* _ABOUT THIS EXERCISE_: For the listing below, print exactly the lines from the line with "- Select an" to the line with "침대가 없는 공중부양", both included, and nothing beyond them.

* _DATA EXTRACT_:
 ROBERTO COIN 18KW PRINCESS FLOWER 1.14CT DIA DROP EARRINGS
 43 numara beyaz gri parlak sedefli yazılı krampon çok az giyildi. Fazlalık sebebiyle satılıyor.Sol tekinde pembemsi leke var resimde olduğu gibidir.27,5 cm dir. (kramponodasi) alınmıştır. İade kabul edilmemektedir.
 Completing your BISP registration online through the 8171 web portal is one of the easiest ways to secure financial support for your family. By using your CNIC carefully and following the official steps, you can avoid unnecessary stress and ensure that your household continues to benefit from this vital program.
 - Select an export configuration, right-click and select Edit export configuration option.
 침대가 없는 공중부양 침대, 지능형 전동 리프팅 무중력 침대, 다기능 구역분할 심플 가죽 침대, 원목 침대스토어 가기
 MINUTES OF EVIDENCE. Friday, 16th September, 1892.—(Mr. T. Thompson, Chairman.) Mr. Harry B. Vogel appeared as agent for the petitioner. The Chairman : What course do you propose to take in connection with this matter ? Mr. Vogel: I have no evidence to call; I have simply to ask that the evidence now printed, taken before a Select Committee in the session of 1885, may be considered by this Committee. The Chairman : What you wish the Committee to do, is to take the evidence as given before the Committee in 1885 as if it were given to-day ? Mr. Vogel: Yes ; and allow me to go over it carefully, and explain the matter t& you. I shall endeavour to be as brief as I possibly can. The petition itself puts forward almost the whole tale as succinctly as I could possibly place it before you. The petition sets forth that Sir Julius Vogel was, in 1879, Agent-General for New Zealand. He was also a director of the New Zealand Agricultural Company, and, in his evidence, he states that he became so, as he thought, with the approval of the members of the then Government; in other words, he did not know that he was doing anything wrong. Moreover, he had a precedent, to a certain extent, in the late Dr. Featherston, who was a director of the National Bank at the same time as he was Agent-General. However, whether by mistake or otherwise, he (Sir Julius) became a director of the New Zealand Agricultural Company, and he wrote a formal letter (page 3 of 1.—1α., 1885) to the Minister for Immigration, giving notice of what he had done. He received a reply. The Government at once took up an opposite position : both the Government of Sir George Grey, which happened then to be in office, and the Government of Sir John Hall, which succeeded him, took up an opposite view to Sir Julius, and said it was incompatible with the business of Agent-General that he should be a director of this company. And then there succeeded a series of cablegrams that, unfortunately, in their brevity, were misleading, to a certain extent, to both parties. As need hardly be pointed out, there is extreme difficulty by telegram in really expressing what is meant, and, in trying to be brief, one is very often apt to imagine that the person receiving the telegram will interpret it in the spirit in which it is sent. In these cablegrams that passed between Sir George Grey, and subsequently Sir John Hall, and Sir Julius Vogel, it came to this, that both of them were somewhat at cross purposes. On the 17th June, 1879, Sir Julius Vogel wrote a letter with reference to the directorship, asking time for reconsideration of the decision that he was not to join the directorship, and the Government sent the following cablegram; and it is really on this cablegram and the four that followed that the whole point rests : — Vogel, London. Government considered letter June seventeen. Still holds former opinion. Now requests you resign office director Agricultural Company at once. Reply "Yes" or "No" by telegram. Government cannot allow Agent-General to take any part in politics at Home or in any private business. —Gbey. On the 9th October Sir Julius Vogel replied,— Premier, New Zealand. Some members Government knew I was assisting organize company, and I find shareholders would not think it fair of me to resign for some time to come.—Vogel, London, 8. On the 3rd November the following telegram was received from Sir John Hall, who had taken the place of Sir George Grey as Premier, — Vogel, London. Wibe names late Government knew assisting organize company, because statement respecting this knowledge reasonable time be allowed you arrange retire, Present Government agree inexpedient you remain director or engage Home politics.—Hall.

* _THE COMPLETED TASK_:
 - Select an export configuration, right-click and select Edit export configuration option.
 침대가 없는 공중부양 침대, 지능형 전동 리프팅 무중력 침대, 다기능 구역분할 심플 가죽 침대, 원목 침대스토어 가기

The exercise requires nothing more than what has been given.